The task force was established in late 2017 by Ohio Rep. Robert Cupp, R-Lima, and Ohio Rep. John Patterson, D-Ashtabula, in an effort to address longstanding grievances about the Ohio school funding formula, which was deemed unconstitutional 20 years ago and determined to rely too heavily on property taxes.

The Cupp-Patterson project to seek an equitable funding formula started in late 2017 by consulting state agencies, local school officials and others with an interest in the matter.

Late Friday, Antill sent a summary for the impact the funding model could have on Washington County’s six K-12 public school districts. If the terms of the proposal become law, Marietta City Schools would receive an additional $487,479 in the 2020-21 fiscal year and $335,479 in the following year, based on enrollment remaining the same, compared to the current funding formula.

For Fort Frye and Warren local schools, the change would be neutral across two years, Belpre and Wolf Creek schools would both receive a more than $400,000 increase in the first year of the revised formula, and Frontier in the first year would benefit by $291,370.

Ohio Rep. Don Jones of District 95, which covers much of Washington County, said the Cupp-Patterson project has gotten strong bipartisan support in the legislature.

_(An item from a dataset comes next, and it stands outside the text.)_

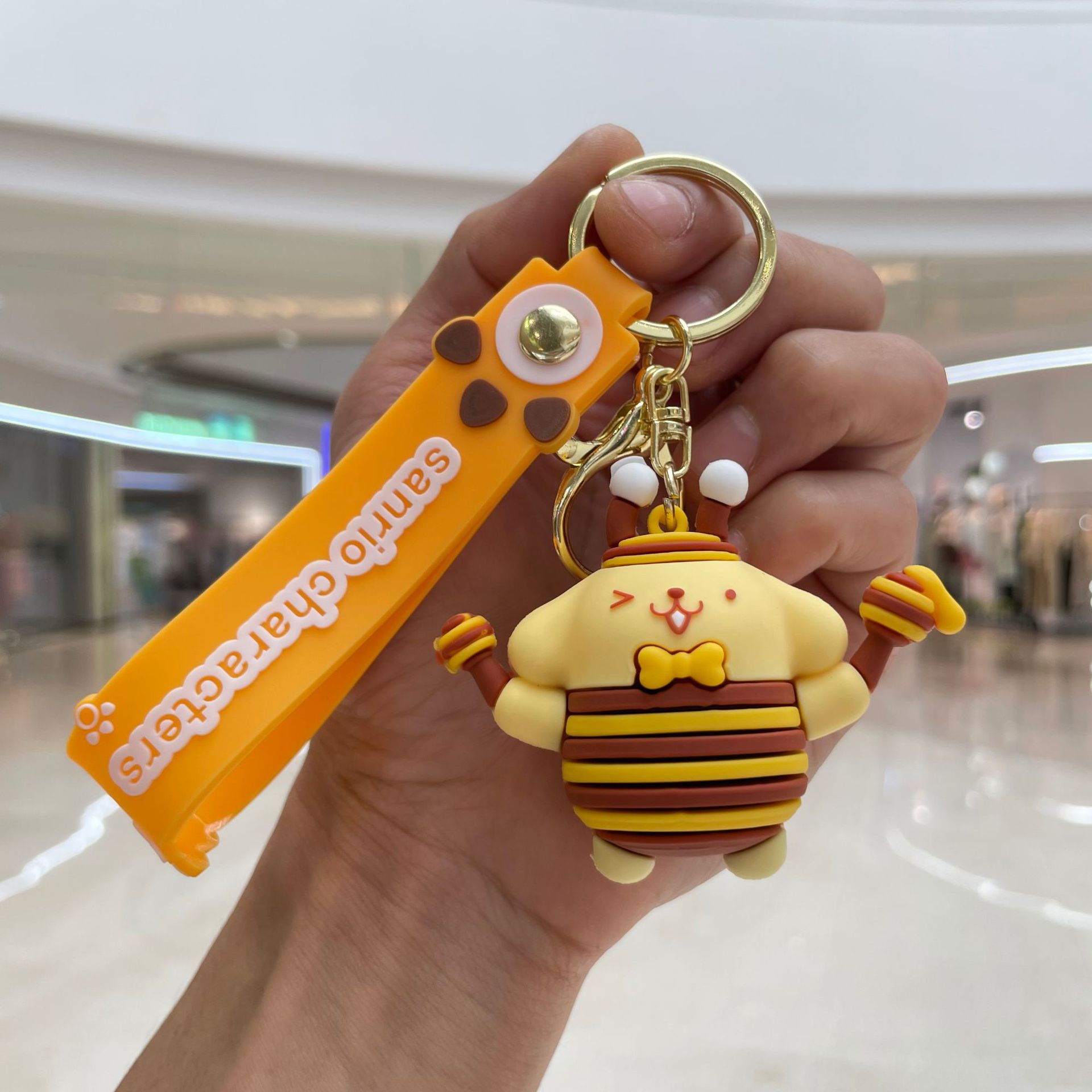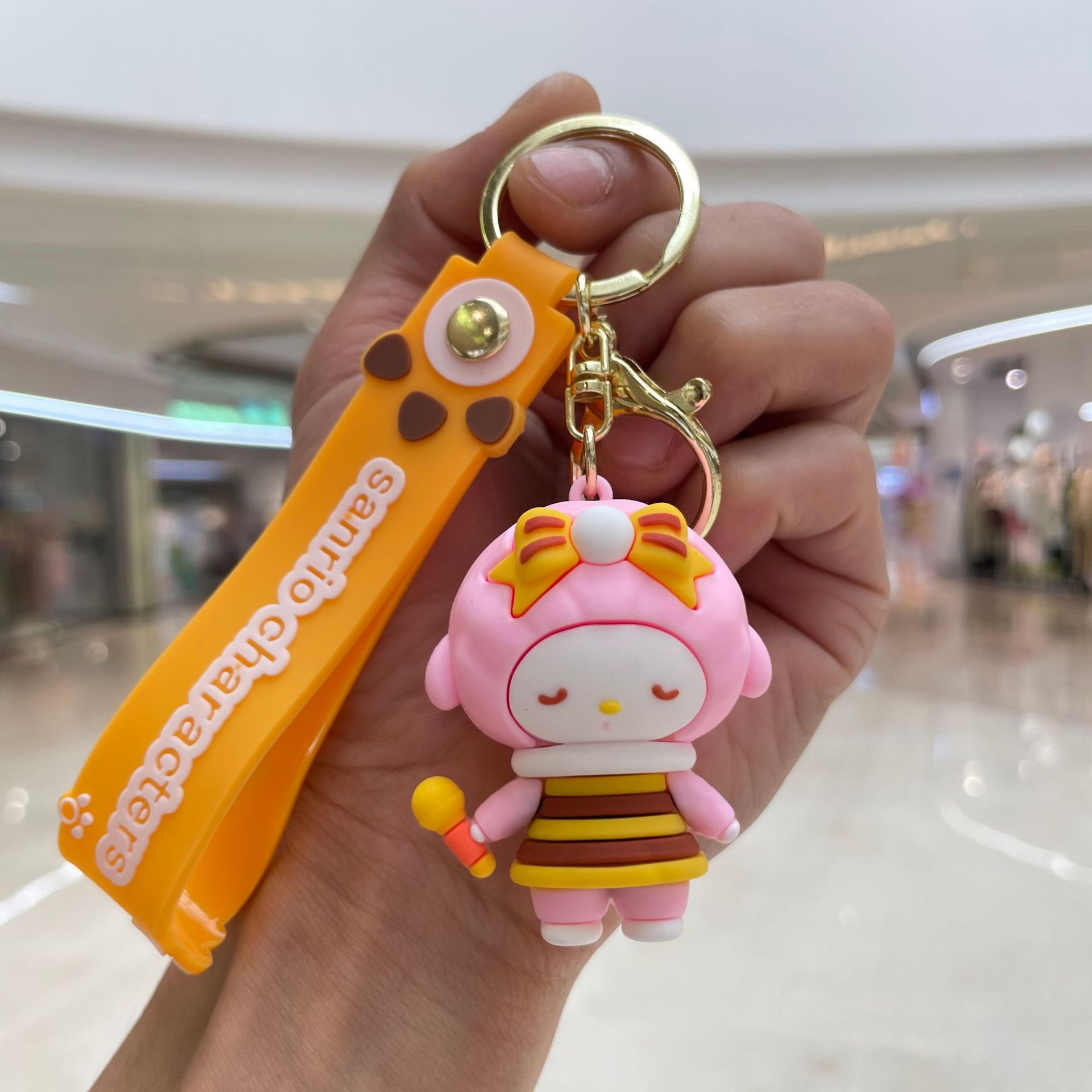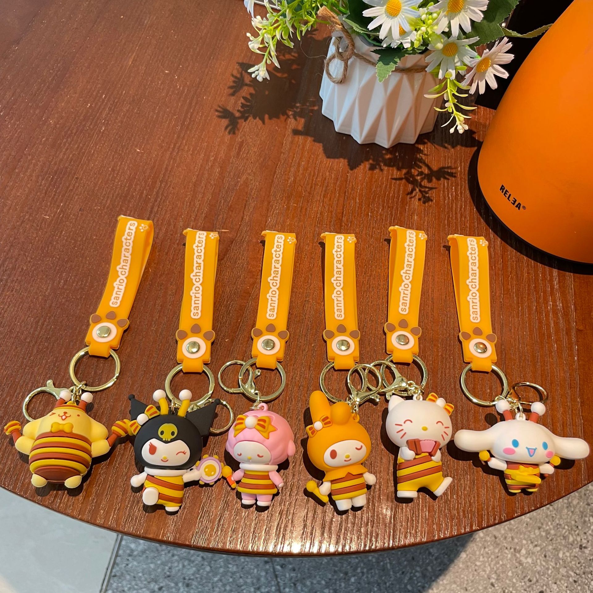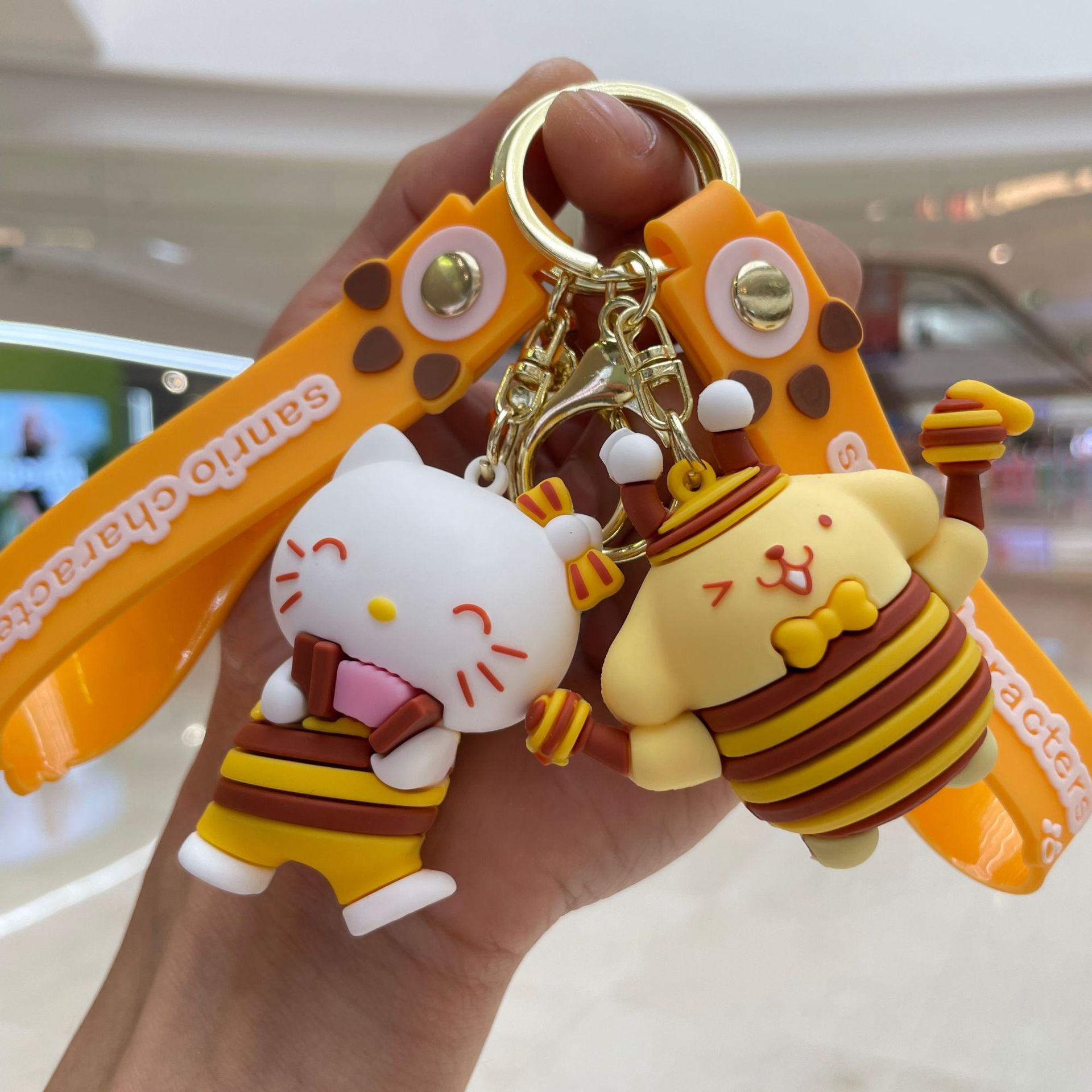 Bee Sanrio 키 체인 Kulomi 인형 귀여운 학교 가방 펜던트 자동차 키 체인 교수형 작은 선물스토어 가기

“I feel very good about the fact that this was put together by people in the education business in Ohio – superintendents, treasurers, transportation, special education coordinators, from rural, urban and suburban districts, and legislators who know education – and they used a methodology to show how they came up with the cost of educating a student,” Jones said.

“The biggest takeaway is that this funding will allow the districts to do a better job of planning. They can look at their enrollment and know where they’re at,” he said.

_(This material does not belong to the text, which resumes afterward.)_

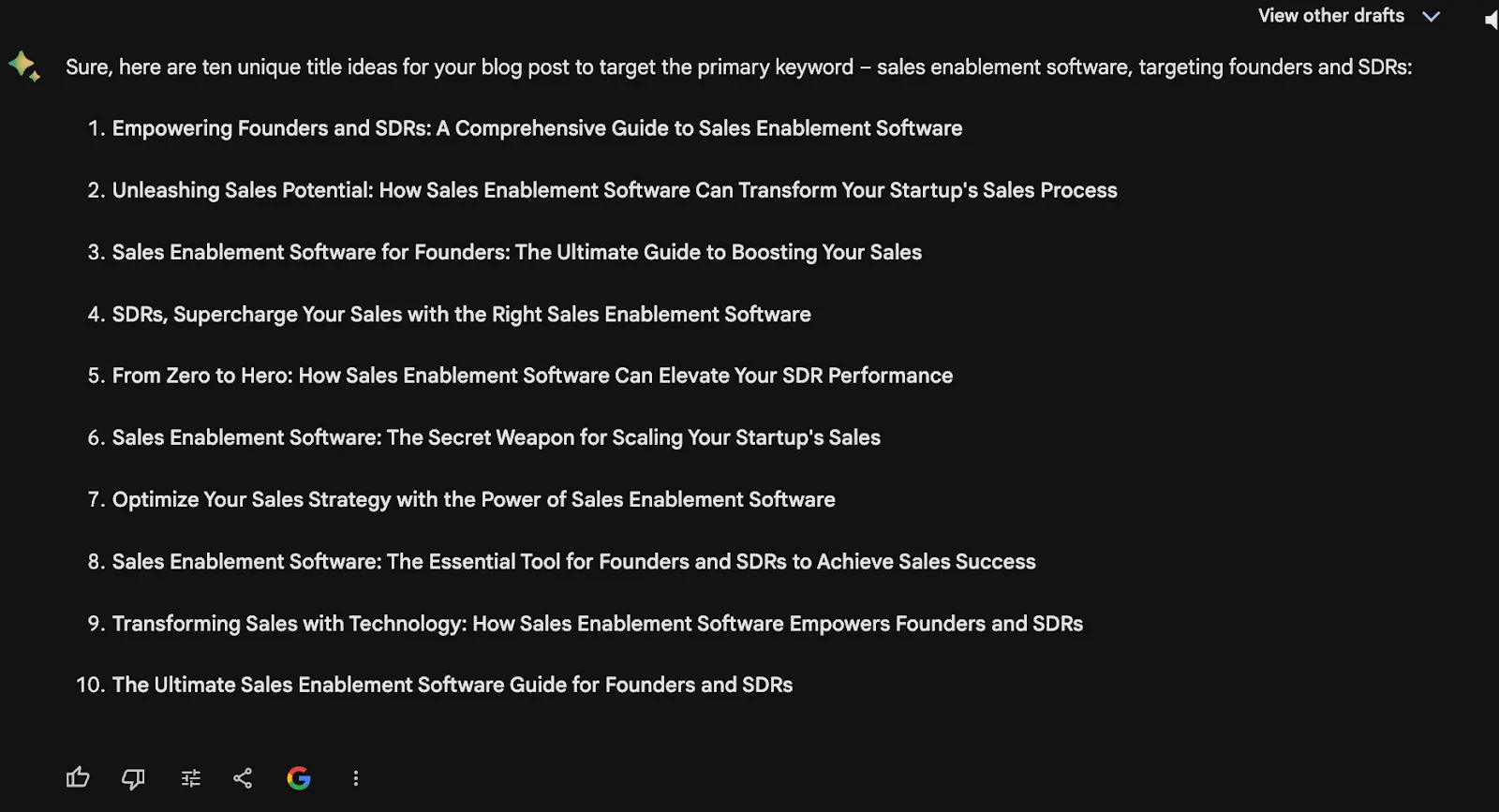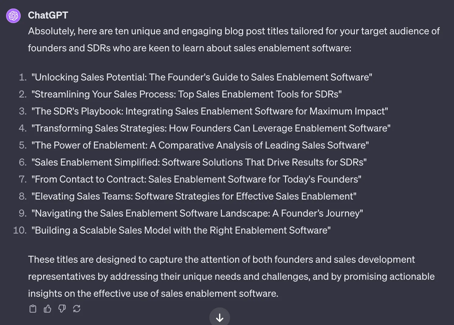 Goal: Generate ten unique title ideas for my blog post to target the primary keyword – sales enablement software.

The current formula is infamously awkward, with numerous arcane calculations related to district real estate values and other elements. In addition, some districts are under what’s termed “the guarantee” – assurance that their funding will not go below specific levels – and others are subject to “the cap,” which places a ceiling above which their funding won’t go.

“The guarantee and the cap would be gone,” Jones said.

The proposal, he said, still needs to be drafted as a bill and then passed through committee, a process that could require months.

Although the funding model is close to neutral in comparison to the current formula, Warren Local Schools Superintendent Kyle Newton said he was still enthusiastic about its potential.

“It’s a whole different way of funding,” he said. “For the state total, it looks like an increase of $400 million, and that’s great. I like to think global and collaborative, and this looks like a real good thing … that gets us to where we came move forward.”

Antill has seen proposals come and go, but he said this one seems worthy of support.

“In my career, I’ve seen some attempts to fix the formula, and to me, this one has merit,” he said Friday. “They worked on it over a year and a half with treasurers and knowledgeable legislators, and this method makes sense. It’s quite a report, and it has everybody’s ear.”

In addition to the Cupp-Patterson proposal, the governor’s office recently unveiled a separate budget proposal that would inject $550 million into education for provision of what educators term “wrap-around” services, which include mental health and social services directed at both students at risk and their families.

“It looks like a number of districts would pick up a significant amount of revenue from that, and Marietta would do very well,” said Marietta City Schools Superintendent Will Hampton.

A regional meeting for school administrators is scheduled to take place Monday in Athens to further clarify the terms and impacts of the Cupp-Patterson proposal.